Transcrevo abaixo, o texto do Jurista Luiz Flávio Gomes que ilustra com clareza como está se dando esse golpe e quem está blindado politicamente com a queda da Presidente Dilma.
TEXTO DO JURISTA LUIZ FLÁVIO GOMES
Temer presidente e a corrupção: sua proteção constitucional. Como se livrar de Cunha? Qual será o ritmo da Lava Jato?
STF rejeita recursos pró-Dilma. “Rei morto, rei posto”. O poder é
assim: um nem acabou de sair (só um milagre pode salvar Dilma do
impeachment), o outro já está “tomando posse”, constituindo ministério e
anunciando programa de governo. Não há vacância no poder. A tudo isso
as castas oligarcas (políticas, econômicas e corporativas),
completamente carcomidas pela corrupção e pelo patrimonialismo, estão
acostumadas. Elas movem as peças do jogo do poder conforme suas
conveniências. O único detalhe diferente desde 2014, que está fora do
controle delas, é a Lava Jato que, em qualquer momento, pode mudar tudo.
No
seu famigerado vídeo “vazado” de 14 minutos, Temer não toca no tema da
corrupção. Nem vai fazê-lo espontaneamente durante seu período
presidencial. Temer não pode incomodar nem assustar seus
correligionários. Ao contrário, na medida do possível, deve funcionar a
velha solidariedade dentro das castas.
No
PMDB nacional o assunto corrupção é proibido, em razão (1) das
implicações pessoais do próprio Temer (medidas provisórias “compradas”

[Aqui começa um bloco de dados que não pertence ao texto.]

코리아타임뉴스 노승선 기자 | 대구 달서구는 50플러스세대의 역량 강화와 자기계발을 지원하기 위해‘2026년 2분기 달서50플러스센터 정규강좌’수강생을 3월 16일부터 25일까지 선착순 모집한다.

em benefício dos seus financiadores, por exemplo), (2) da campanha
eleitoral Dilma-Temer de 2014, reconhecidamente criminosa e objeto de
várias delações premiadas (a do Delcídio e da Andrade Gutierrez, por
exemplo) e (3) da “extensa folha corrida” das castas oligarcas que o
estão apoiando (Cunha, Renan, Jucá, Jader, Raupp, Sarney, Maluf, Partido
Progressista, Paulinho da Força, Roberto Jefferson etc.). Todos juntos,
na foto da posse, vai transmitir a sensação de 500 anos de prisão!
O
PMDB, nos seus 50 anos de existência, como uma grande federalização de
interesses privados, tornou-se o artífice-mor do Estado patrimonialista
(toma lá dá cá), onde a confusão entre o público e o privado (pelo
agente do Estado) ou entre o privado e o público (pelo agente do
Mercado) é intensa e diária. Falar de corrupção na cúpula do PMDB é o
quarto impossível de Freud (os outros são: governar, educar e
psicanalisar). Aliás, não se fala em corda em casa de enforcado.
Temer
pode surpreender com boas medidas e até causar boa impressão imediata,
porque dele ninguém (ressalvadas as castas apoiadoras) espera nada
mesmo. De qualquer modo, supor que, com o PMDB no poder, as castas
oligarcas dos setores empresariais, corporativos e financeiros deixem de
mamar nas tetas do governo (BNDES, Bancos Públicos, isenções fiscais
etc.) já é pedir demais. Continuaremos com o Estado patrimonialista
(toma lá dá cá), com o capitalismo de Estado (sua participação direta ou
indireta no lado produtivo da economia) assim como com o capitalismo de
compadrio (dos carteis, de laços, como diz S. Lazzarini). Tudo deve
mudar para que tudo fique como está.
Proteção constitucional
Se
Michel Temer assumir a presidência da República, não pode ser
processado (há quem entenda absurdamente que não poderia nem sequer ser
investigado) por crimes cometidos fora ou antes da função. Seu nome já
apareceu várias vezes na Lava Jato ou fora dela. Mas por crimes
anteriores à função ele não pode ser processado. Impunidade momentânea
como privilégio do cargo.
Ficaremos sem saber, por algum tempo,
se Temer efetivamente participou (ou não) da organização criminosa na
Petrobras. Que seu partido (PMDB) foi beneficiário de propinas ninguém
duvida (os ex-diretores da empresa confirmaram isso). Que essas propinas
se converteram em “doações legais” já se suspeita fortemente (delações
da Andrade Gutierrez, por exemplo, ou de Ricardo Pessoa). Alguns
ex-diretores (pivôs das propinas) teriam sido indicados por ele[1].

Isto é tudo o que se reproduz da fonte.